It would probably also be more costly, but would likely be
finished more quickly than a labor-intensive system.
To construct treatment works, pump houses, and tanks, concrete
mixers, wheelbarrows, scaffolds, and assorted hand tools would be
helpful. Tanks and facilities constructed of steel would require
more complex equipment such as welding kits, cranes, and precision
measuring instruments.
Components of the system include equipment such as pumps, engines,
motors, valves, gauges, screens, filters, flocculators,
sludge collectors, and chlorinators. Again, not all this equipment
would necessarily appear in one system--the amount depends
on the system's level of complexity.
Energy is needed to run any water system. Energy is required to
pump water up from aquifers, to move it from the treatment plant
to storage tanks at higher elevations, and to send it through the
distribution system. This energy can come from gravity--water
flowing downhill--or it can come from human resources--applying
mechanical motion to a hand pump. Energy can also be derived from
the wind, the sun, fossil fuels, or from the water itself, as
with a hydraulic ram or water wheel. If electric generating
plants are in the area, this source of energy should be investigated.

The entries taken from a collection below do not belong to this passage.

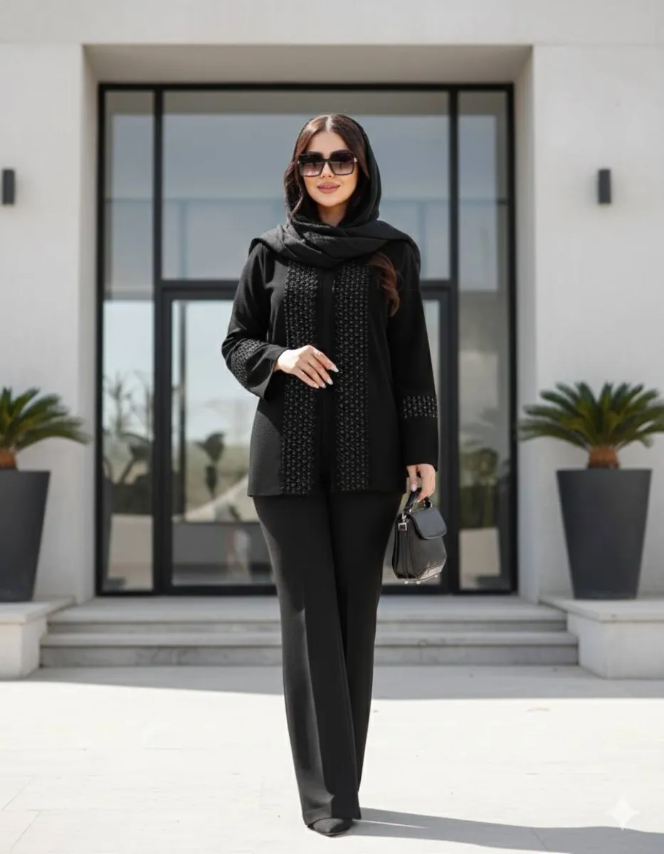 💡 پیشنهاد استایل: این مانتو به دلیل طراحیِ عمودی خرجکار، با شلوارهای بوتکات (دمپا) برای بلندتر دیده شدن قد و یا شلوارهای سیگارتی و بگ برای استایلی کلاسیک و مدرن به راحتی ست میشود.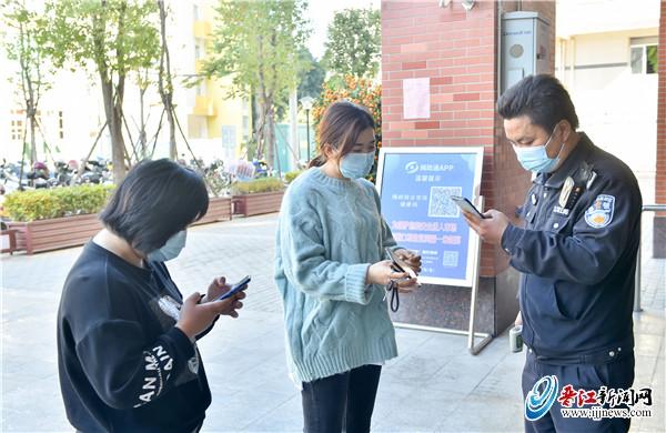 现在梅岭综合市场门口设有监测点,对市民进行扫码测温。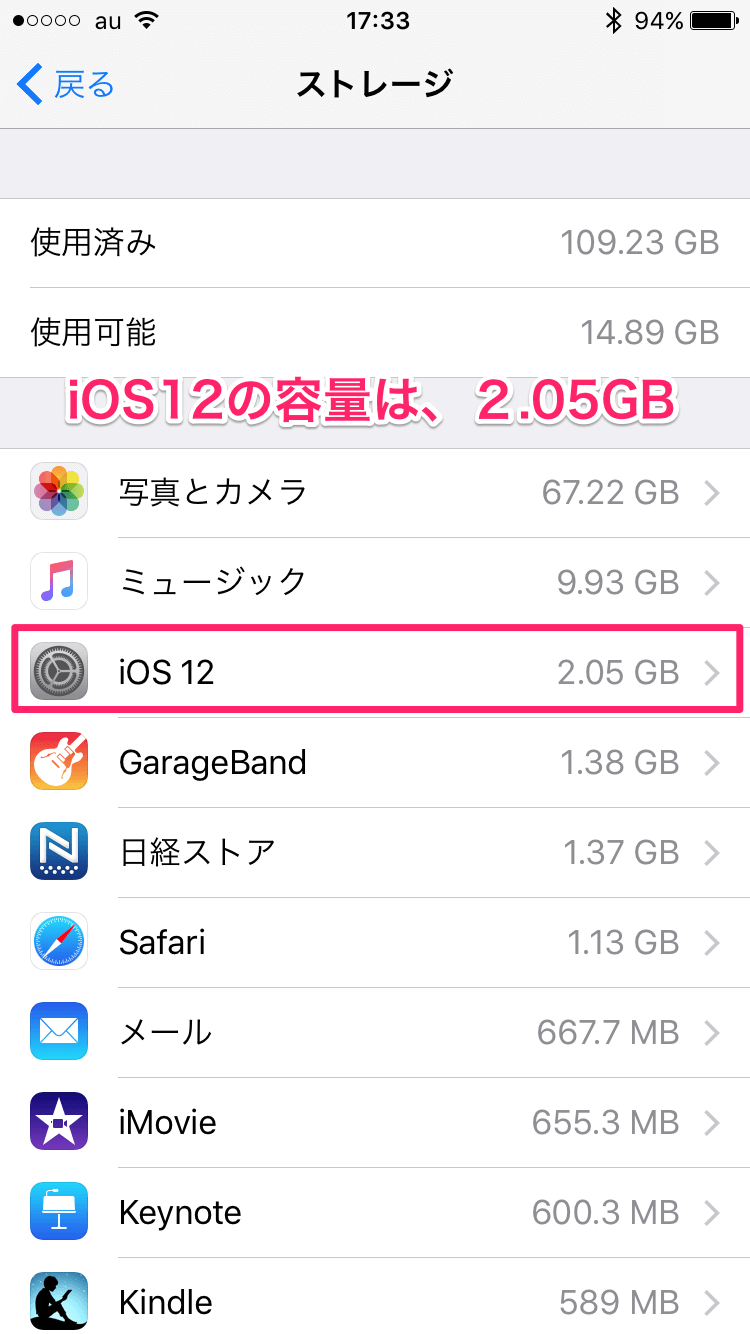 ちなみに最新のiOS、 iOS12のサイズは2.05GBでかなり大きいです。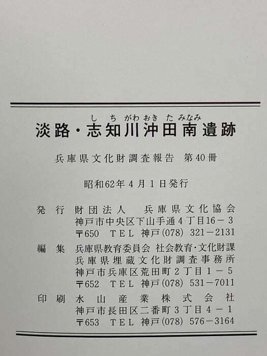タイトル:淡路・志知川沖田南遺跡 財団法人 兵庫県文化協会 (兵庫県)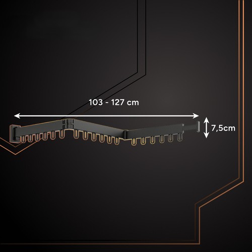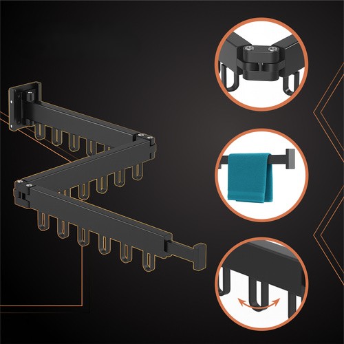 Suport de umerase 2 in 1 pentru uscarea hainelor, Zola, pliabil, 18 carlige, 103-127 x 7.5 cm, fixare perete, aliaj aluminiu, negru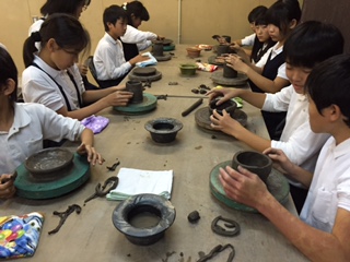 12時30分から陶芸教室で「手ひねり体験」の実習です。係の方から説明の後、「世界にひとつ」しかない思い思いの作品を造っていきました。最初は湯呑みのつもりが、丼茶碗になったり、花瓶が湯呑みになったりと悪戦苦闘していました。みんなの作品は、来年2月に「登り窯」で焼きあげ、卒業間近の3月中旬に送られてきます。どんな作品になるか、今から楽しみです。

Energy is costly, so the most economical and reliable
source should be considered.
Before any effort is made to develop a water system, the services
of competent design professionals should be sought. These professionals
are typically civil or mechanical engineers, or other
water resource specialists. Contractors who are in the water line
construction business, as well as plumbers and pipefitters, could
also be of assistance. Design professionals can help with sizing
a water system, determining water pressures, determining the
right treatment methods to use, designing structures, and estimating
construction and operating costs.
To ensure that a water supply is safe for drinking, some method
of periodic testing should be provided for. If the water supply
is suspected as the source of a disease outbreak, additional
bacteriological testing is required. Laboratories that can check
water for both bacteriological and chemical safety are generally
operated by government health agencies. Field kits and equipment
for bacteriological testing are also available and local persons
can be trained to use them. In the event a laboratory is not
available, these kits should be used for testing water supplies.
Special Circumstances
The community owning a water supply system must have contingency
plans in case certain events occur. Such an event might be the
outbreak of a waterborne disease. Or, the water source could dry
up, as in the event of a drought. Contingency plans should include
alternate sources of water or an emergency tank or reservoir.

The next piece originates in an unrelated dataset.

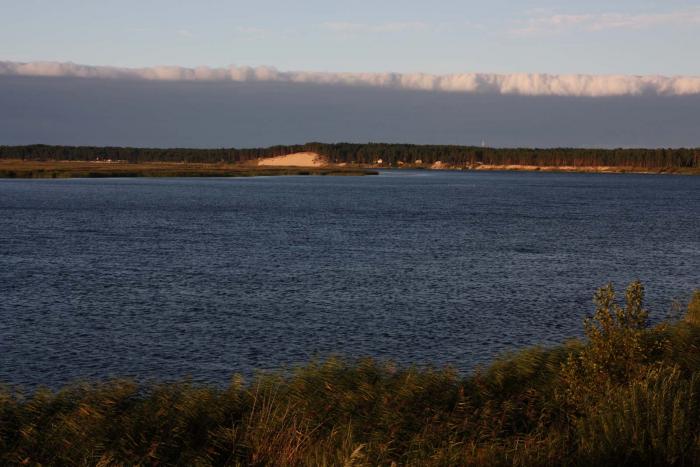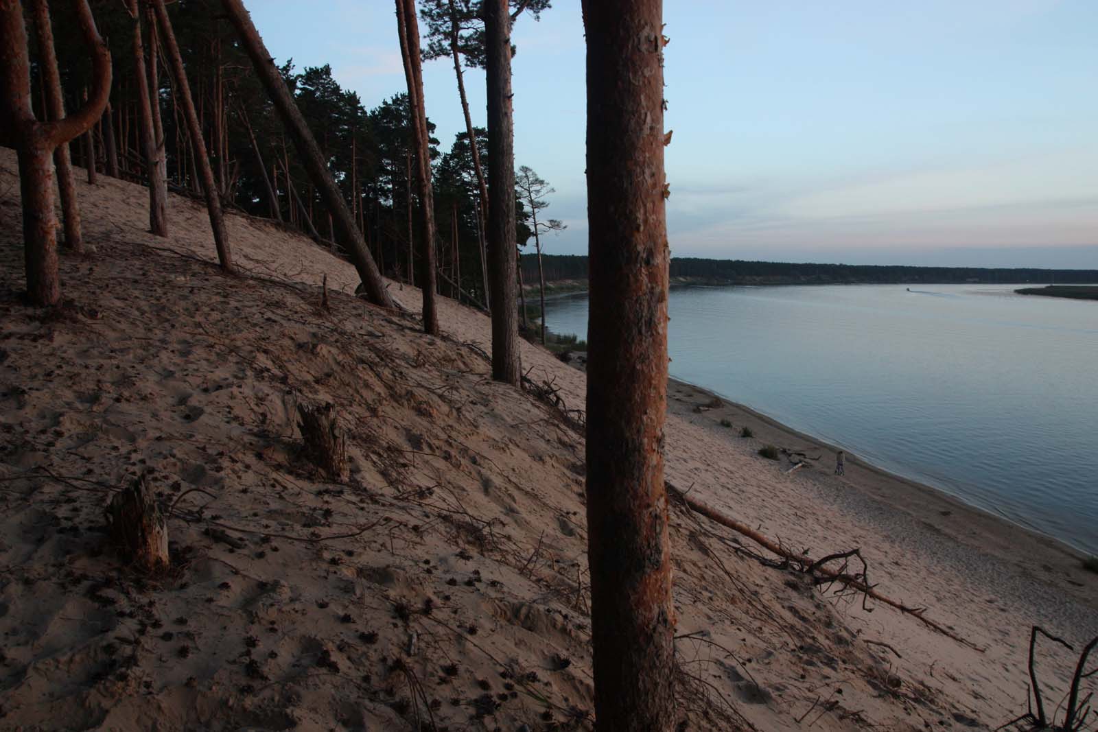 Белая дюна – памятник природы государственного значения – находится на берегу Лиелупе. Дюна образовалась в течение последних двухсот лет, расположившись перпендикулярно берегу моря. Длина дюны – 800 м, высота – 15-17 м. Причиной формирования дюны послужил прорыв рекой Лиелупе перешейка в 1757 году, образовавший новое место впадения реки в море. Отсюда раскрывается замечательный вид на Лиелупе, Стирну рагс и Буллюпе. Дорога проходит по берегу реки через сосновый лес. Солнце садилось, освещение для фотосъемки было наилучшим и мы, продвигаясь неспешным шагом, фотографировали замечательные виды.

Water pipes or mains, when properly installed, do not often
require maintenance. Occasionally, a line may break, requiring a
crew to go out and repair it. Valves require some maintenance.
They should be operated periodically to avoid the build-up of
mineral deposits.
The greatest maintenance requirements are found at the pumping
and/or treatment works. Any time there are moving parts, mechanical
breakdowns will occur and experienced mechanics will be
needed to fix them. Filters at the treatment works will need
periodic cleaning, as will any settling basins. Routine checks
and inspections as well as data collection and recording (pumping
records, electricity used, chemicals used, etc.) must be carried
Laboratory tests for bacteria (coliform) must be done at regular
intervals (daily, weekly, or monthly, depending on the number of
Persons served). Chemical testing needs to be done only yearly
unless problems are suspected.
Maintenance is an ongoing expense. It must be considered in the
early cost/benefit analysis and provided for as resources are
allocated. Some communities cover maintenance costs through a
system of user fees.
The first consideration in designing a water supply system is to
determine the total quantity of water the system would be required
to deliver. Water quantities are usually based on the
number of persons a community's system is required to serve. A
commonly accepted water demand factor used in practice today is
550 liters per person per day, a figure that allows for some
commercial and laundry use. In areas where survival is threatened
by water shortages, a smaller amount per person should be considered
so that water can be provided to more people. Under extreme
conditions, the minimum allotment should be 90 liters per person
per day.
The figure per person should then be multiplied by the total
population of the community to arrive at the average daily demand
(ADD). The peak flow, defined as the consumption during the time
of heaviest use, should be used to determine the volume of storage
required and the pipe sizes needed in the system. The peak
flow can be estimated by multiplying the ADD by 2.5.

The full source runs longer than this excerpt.